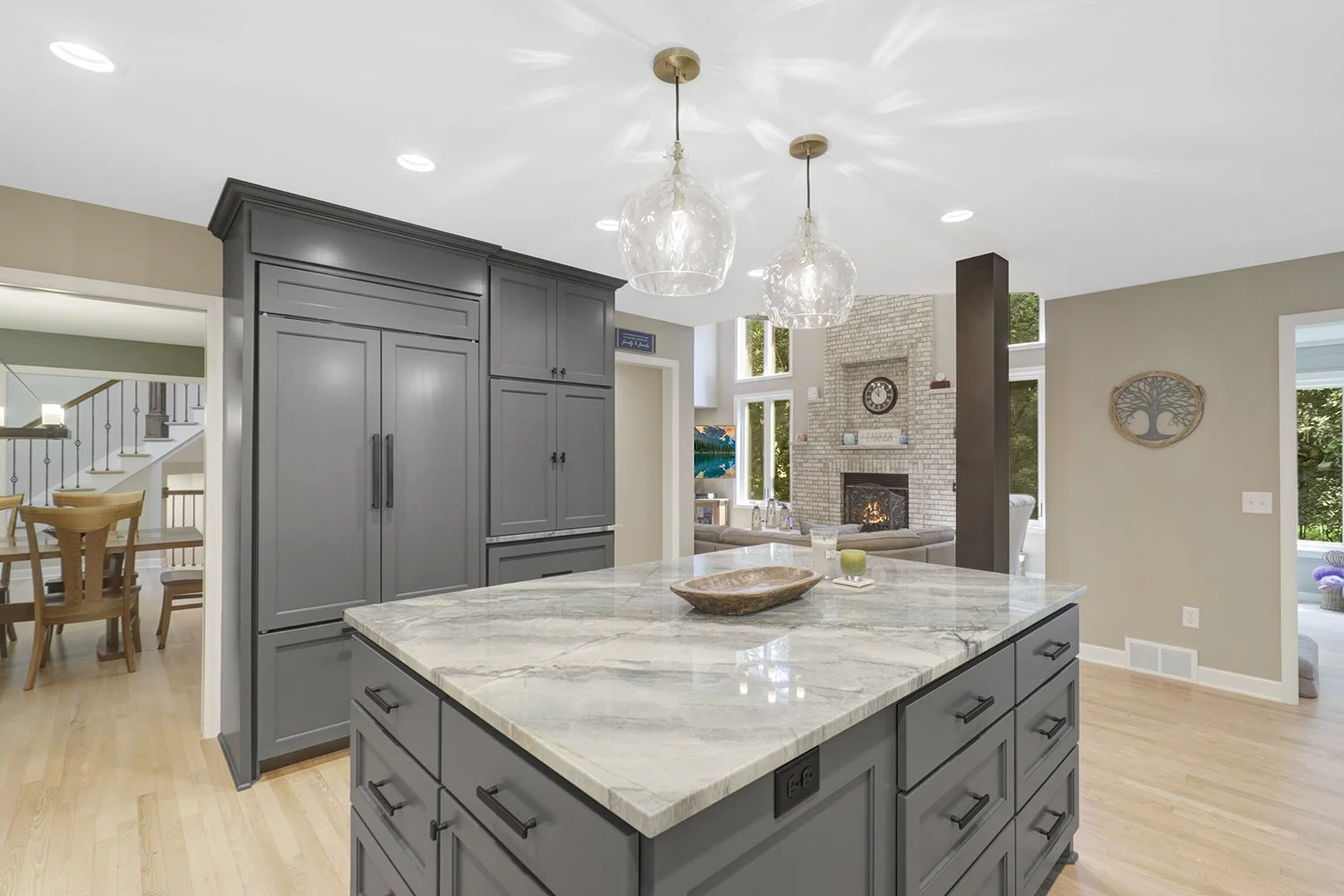 Although the layout did not change, we completely gutted the kitchen and rebuilt it from the ground up. We installed new cabinets, countertops, appliances, and finishes to refresh the space. The larger center island anchors the room, and the classic kitchen triangle links the sink, stovetop, and fridge. Now, the kitchen feels open, bright, and very functional.
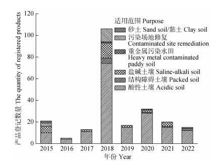 图 1 2015—2022年间农业农村部登记的土壤调理剂产品的适用范围 Fig. 1 The application of soil amendments registered by the Ministry of Agriculture and Rural Affairs of China between 2015 and 2022 |
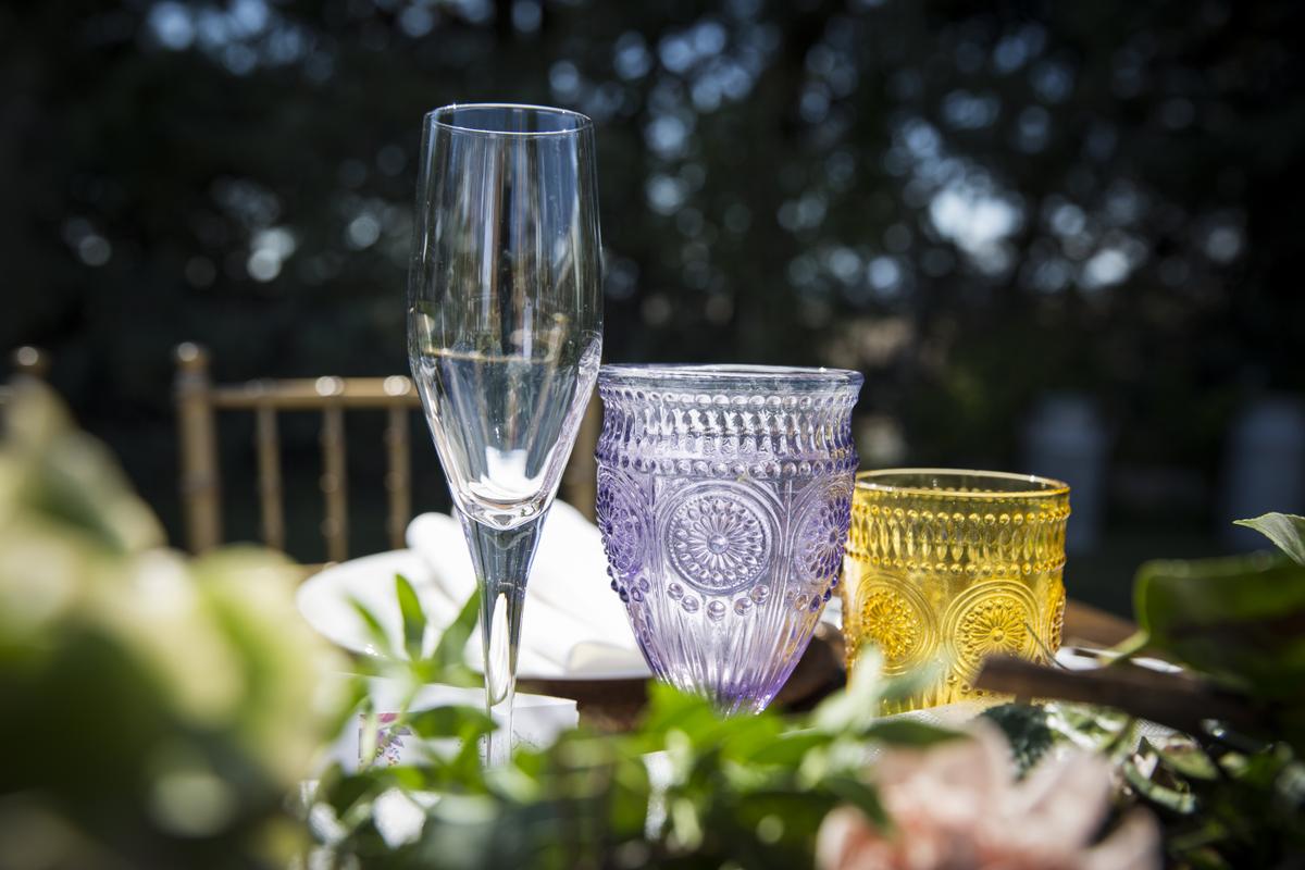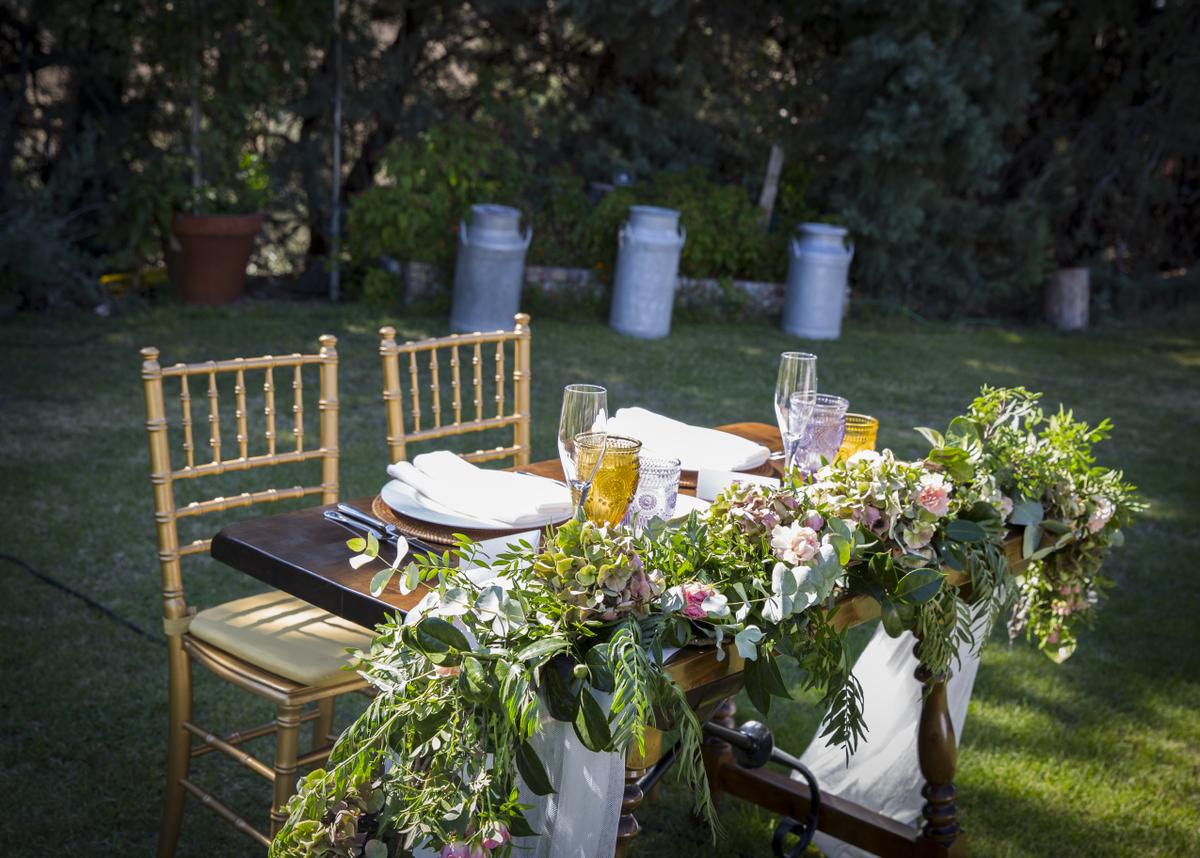 Los novios se sentaron solos. Su mesa llevaba una preciosa guirnalda llena de verde y de hortensias. Copas de color y una vajilla diferente. Y quedó espectacular. De boda de cuento.

[Required work]: Print every line of the listing exactly, please, and leave the images out.

[Exercise output]:
 Although the layout did not change, we completely gutted the kitchen and rebuilt it from the ground up. We installed new cabinets, countertops, appliances, and finishes to refresh the space. The larger center island anchors the room, and the classic kitchen triangle links the sink, stovetop, and fridge. Now, the kitchen feels open, bright, and very functional.
 图 1 2015—2022年间农业农村部登记的土壤调理剂产品的适用范围 Fig. 1 The application of soil amendments registered by the Ministry of Agriculture and Rural Affairs of China between 2015 and 2022 |
 Los novios se sentaron solos. Su mesa llevaba una preciosa guirnalda llena de verde y de hortensias. Copas de color y una vajilla diferente. Y quedó espectacular. De boda de cuento.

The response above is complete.